Fury did insist that it will take a few months of hard training, but that he will be ready to meet boxing's newest superstar in the ring should a fight materialise.

Fury has not fought professionally since he defeated Wladimir Klitschko in Germany two years ago, when he was crowned the undisputed heavyweight champion of the world.

In the time since his last appearance on the canvas, Fury was forced to vacate his titles after being charged by the UK Anti-Doping Agency for allegedly consuming a performance enhancing drug.

Fury, who admitted that he had been struggling with depression at the time, also had his boxing licence revoked as a result of the doping saga.

However, Fury cut a determined figure when speaking of the work he is putting in as he makes his way back to fitness and a potentially monumental bout with Joshua. However, recent footage and photographs have shown that Fury is a distance off being where he needs to be in terms of fitness.

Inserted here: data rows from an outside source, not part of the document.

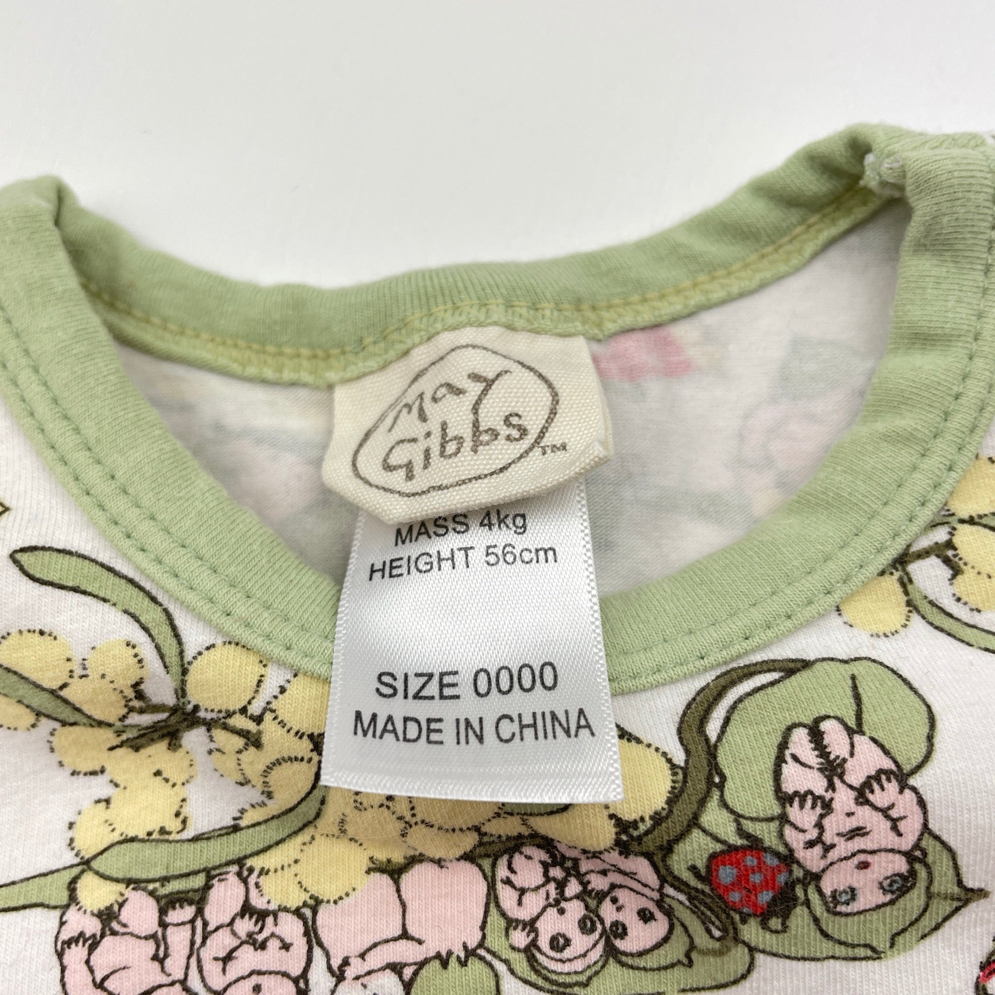 May Gibbs, Gumnut Babies bodysuit / romper, GUC, size 0000,
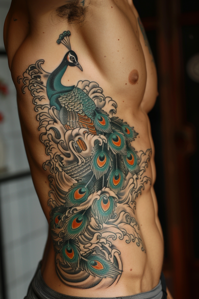 I ve got to say, this tattoo is seriously cool! The way it merges the natural beauty of a peacock with abstract geometry is just genius. It s like a piece of modern art that you can carry with you wherever you go. The colors are vibrant without being too flashy, and the placement on the side of the torso is perfect it s bold but also easy to hide if needed. If you re someone who loves unique, contemporary designs that stand out, this peacock tattoo with its geometric flair is definitely a winner. It s the kind of tattoo that s sure to spark conversations and admiration!
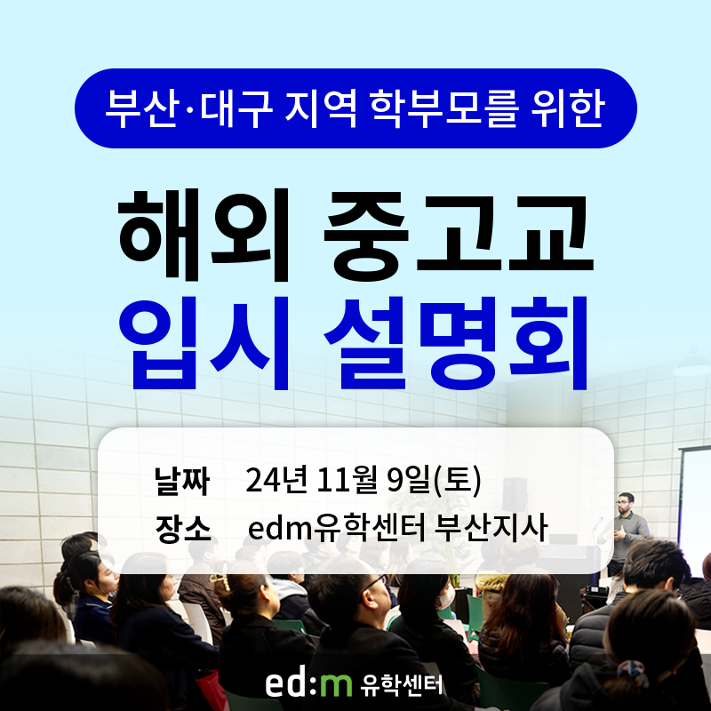 edm유학센터 부산지사의 '해외 중고교 특별 입시설명회'에 대한 자세한 내용 확인 및 참가 신청은 홈페이지를 참조하면 된다.
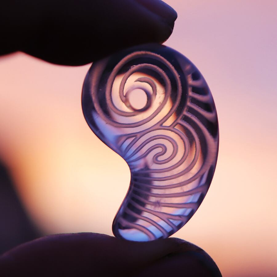 水晶の勾玉に、縄文土器の伝統的な文様を繊細に彫刻したアミュレット(お守り)です。

Speaking in a recent interview, Fury said: "The fitness is coming along good. I’m training hard and trying to lose a bit of weight at the minute, that’s the most important thing before I make the big return.

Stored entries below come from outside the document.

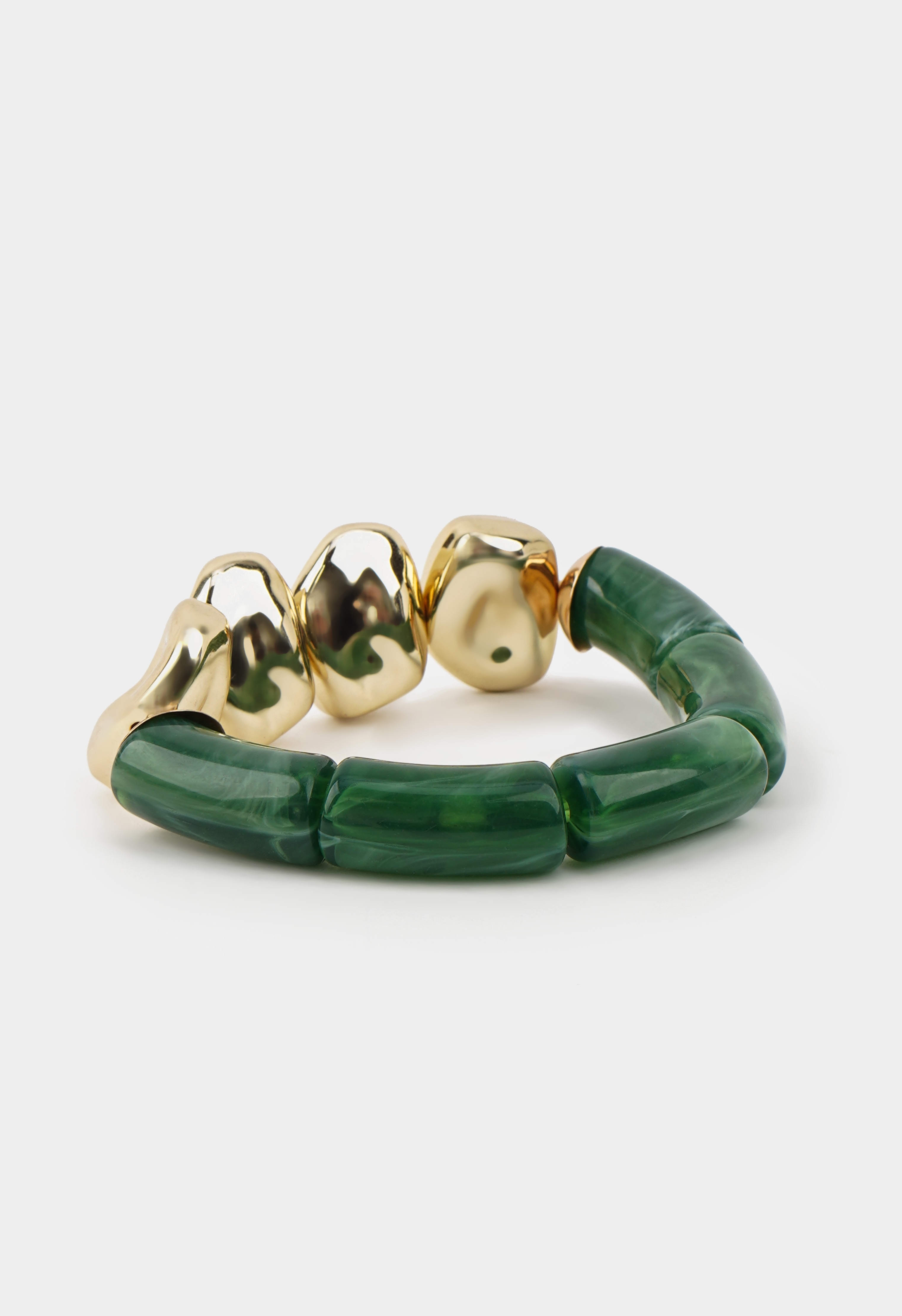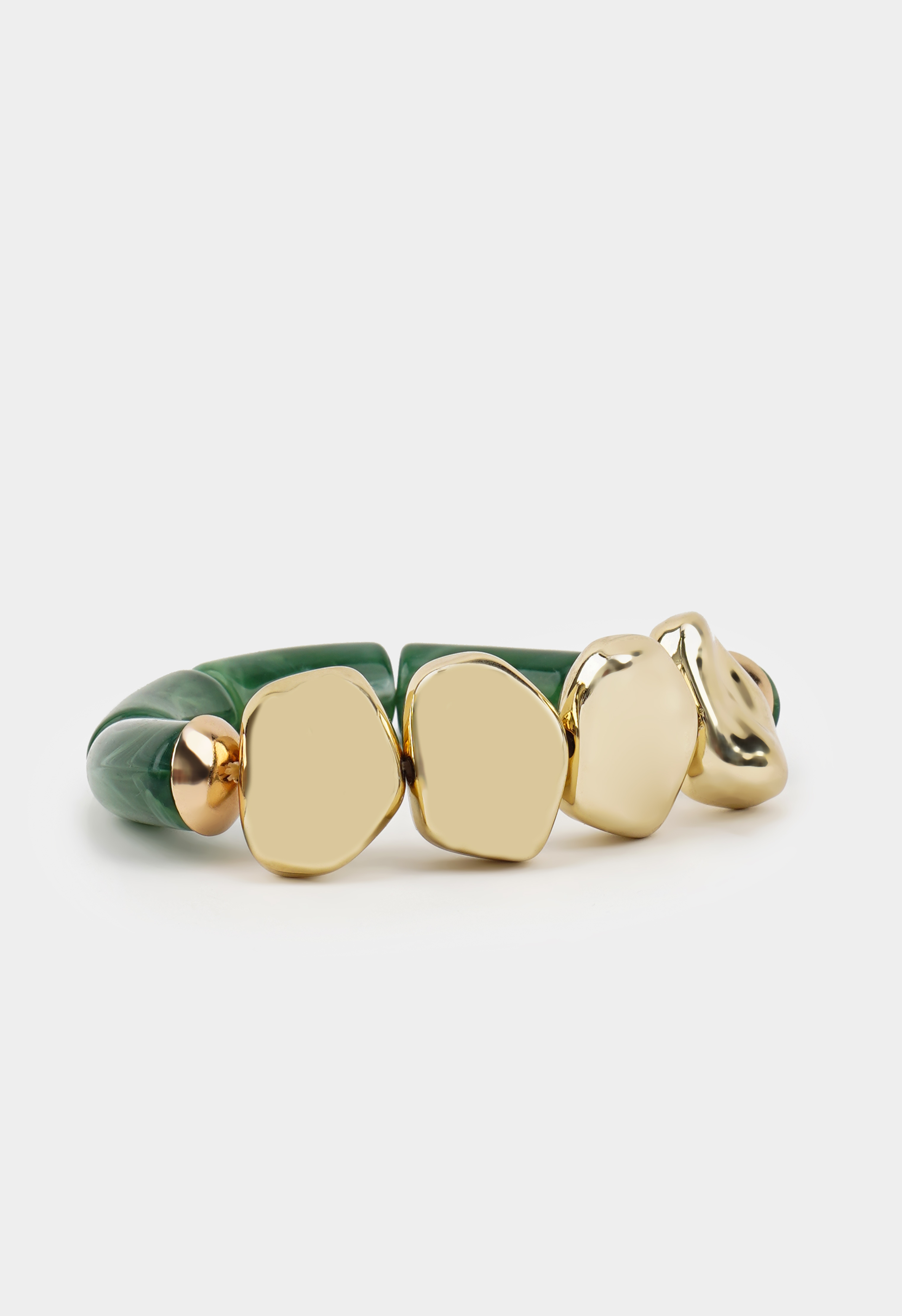 Эффектный браслет с глубокими зелеными звеньями и акцентными золотистыми элементами из ювелирного сплава – украшение, которое сразу притягивает взгляд. Благородный оттенок красиво играет на свету, а глянцевые золотые элементы добавляют образу нотку роскоши и делают браслет главным акцентом на запястье. Удобная посадка позволяет носить его целый день.
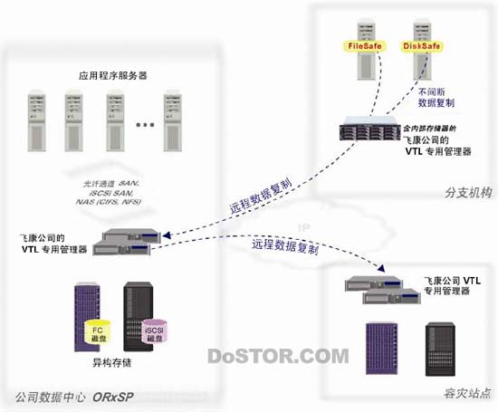 飞康公司的 VTL 是针对远程办公地点备份的经济高效的解决方案。它简化、整合分散在远程办公地点的数据备份到一个集中的数据中心,实施整个企业范围的数据保护。飞康公司的 VTL 允许远程备份服务器通过 IP 访问虚拟磁带机/带库,同时使得这些服务器可以使用中央数据中心的备份设备。VTL 提供的异地备份功能使得不必在每个场所都进行备份存储,并对远程办公地点提供了另外的数据保护。另外,由于是集中备份,所以可以方便地管理并对整个企业的数据进行可靠归档。
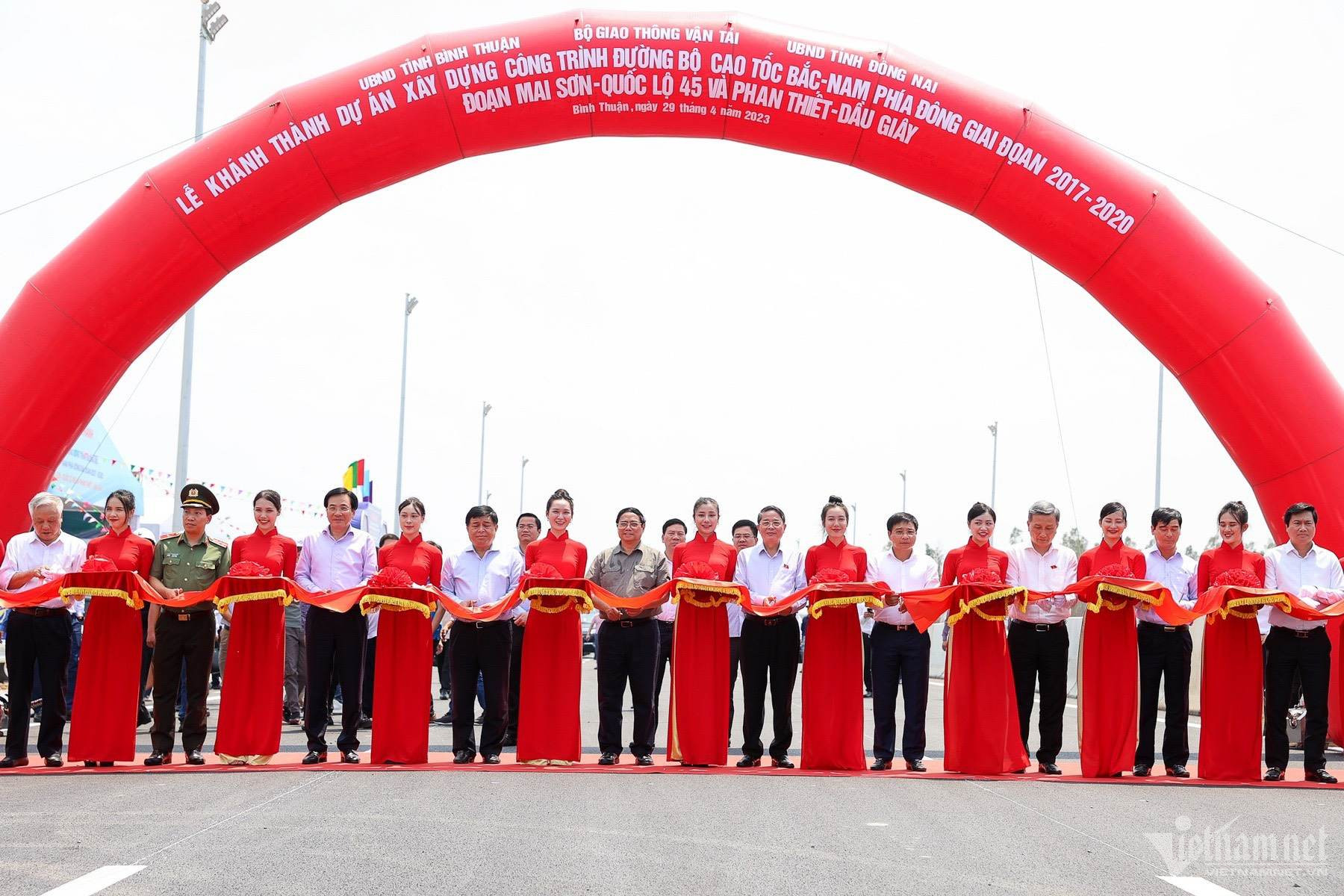 Thủ tướng Chính phủ Phạm Minh Chính dự và cắt băng khánh thành cao tốc Phan Thiết - Dầu Giây tại điểm cầu nút giao Phan Thiết, xã Hàm Kiệm, huyện Hàm Thuận Nam (tỉnh Bình Thuận).

"I’ve done it all my life – I’ve had 25 fights and in 23 of them I’ve had to lose more than five stone so it’s something that’s normal to me.

"I’m a 28-year-old and it’s only a short period of time in which I get the weight off. I do the weight in about eight to ten weeks, that’s the weight gone and I can concentrate on the boxing side of things.

"So it’s not really an issue for me to be honest. If you can put the work in, then the weight will come off, it’s more of a will to do it."

Fury has never been the physical specimen that Anthony Joshua (although to be fair not many people on the planet earth can compare) and he admits as much, not considering himself to be an "athlete".

"Being a professional athlete, you should never let yourself go like I do. People will say to me, ‘you’re a professional athlete’ and I’ll say 'no, I’m a professional fighting man'.

"I’m the furthest thing from an athlete than anyone can be but I can fight, it’s what I’m good at, so I don’t really worry about the athlete side of things.

"An athlete is somehow who is fit all the time, takes the job 100% seriously, all that sort of stuff. For me, it’s not the training side of things, it’s just the fighting that I love."

The fiery Irishman is surprisingly motivated.

Having admitted in the past that he "hates boxing", it seems that the prospect of a bout with Joshua has reinvigorated the 28-year-old.

"I get turned onto the sport when I have a challenge. When people think that someone can beat me, that’s when I like boxing," he explained.

"When I beat Klitschko he was the man in the division. For 12 years he was unbeaten, took on all comers and beat them all and I beat the man who was the legend of the game and I relieved him of all his belts.

"All these so-called champions today are on champions because of me. I got all those belts off Klitschko which they could never do.

"They could never go to Germany and beat Klitschko when he was 11-years unbeaten.

"Klitschko was a broken man when he fought AJ, he was nowhere near the same man, coming off a humiliating loss."